Apologies, I somehow missed this. I'll let @DannyH and @kaldari speak to this though.

@Tgr: Good points. We discussed moving forward with notifications for successful logins today, and I think it's a reasonable idea. (We were mainly trying to limit the scope to make sure the extension actually gets deployed.) I think we just need to flesh out the specifics for that feature a bit more, but it's doable.

DannyH updated the task description. (Show Details)Jun 13 2017, 10:56 PM
kaldari triaged this task as High priority.Jun 13 2017, 11:41 PM
kaldari set the point value for this task to 5.
DannyH updated the task description. (Show Details)Jun 15 2017, 5:59 PM
DannyH updated the task description. (Show Details)Jun 15 2017, 6:02 PM
Niharika claimed this task.Jun 27 2017, 8:42 PM
Niharika moved this task from Ready to In Development on the Community-Tech-Sprint board.

Change 362323 had a related patch set uploaded (by Niharika29; owner: Niharika29):
[operations/mediawiki-config@master] Config changes for LoginNotify

https://gerrit.wikimedia.org/r/362323

@Niharika: Should be no blockers now. Please schedule this for SWAT deployment.

@Niharika: Should be no blockers now. Please schedule this for SWAT deployment.

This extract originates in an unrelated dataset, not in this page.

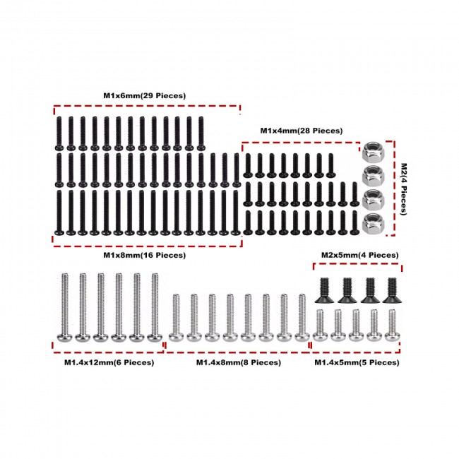 - M1.4 round-head hex socket screws require a 1.27mm hex socket wrench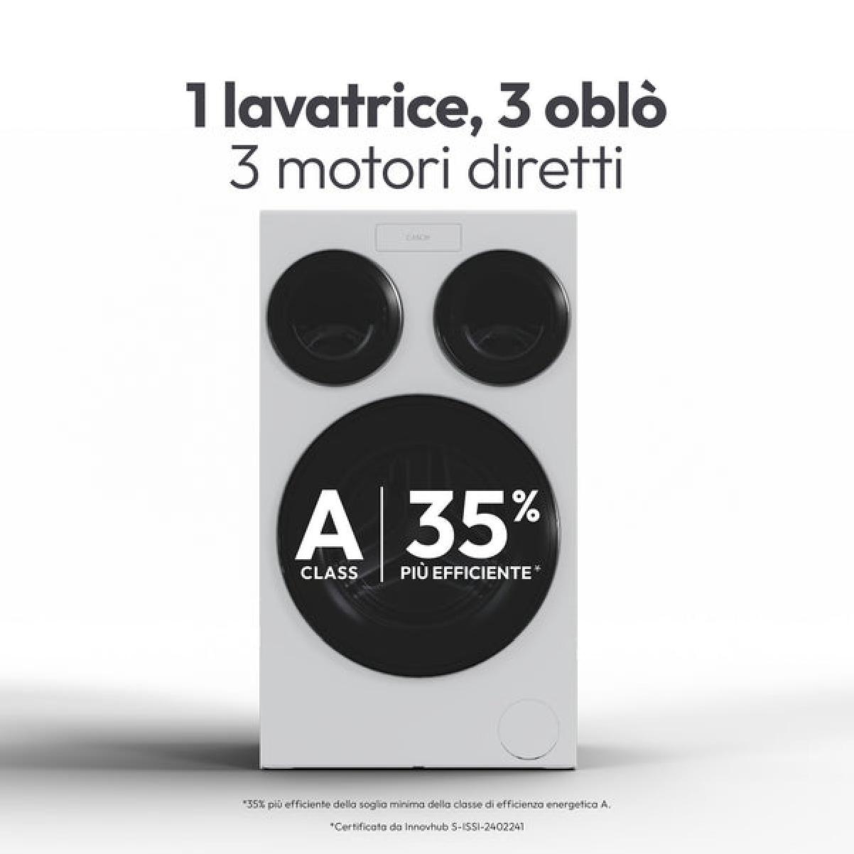 La prima lavatrice Candy con tre motori diretti: ogni oblò ha il suo motore diretto, senza cinghia. Il risultato è un controllo più preciso, meno vibrazioni e una maggiore affidabilità nel tempo

Scheduled for Tuesday evening SWAT.

Change 362323 merged by jenkins-bot:
[operations/mediawiki-config@master] Config changes for LoginNotify

https://gerrit.wikimedia.org/r/362323

Mentioned in SAL (#wikimedia-operations) [2017-07-11T23:25:18Z] <dereckson@tin> Synchronized wmf-config/CommonSettings.php: Config changes for LoginNotify (T107707) (duration: 00m 47s)

Niharika closed this task as Resolved.Jul 12 2017, 7:40 PM

Here's what the HTML email looks like:

The preference is off by default for all.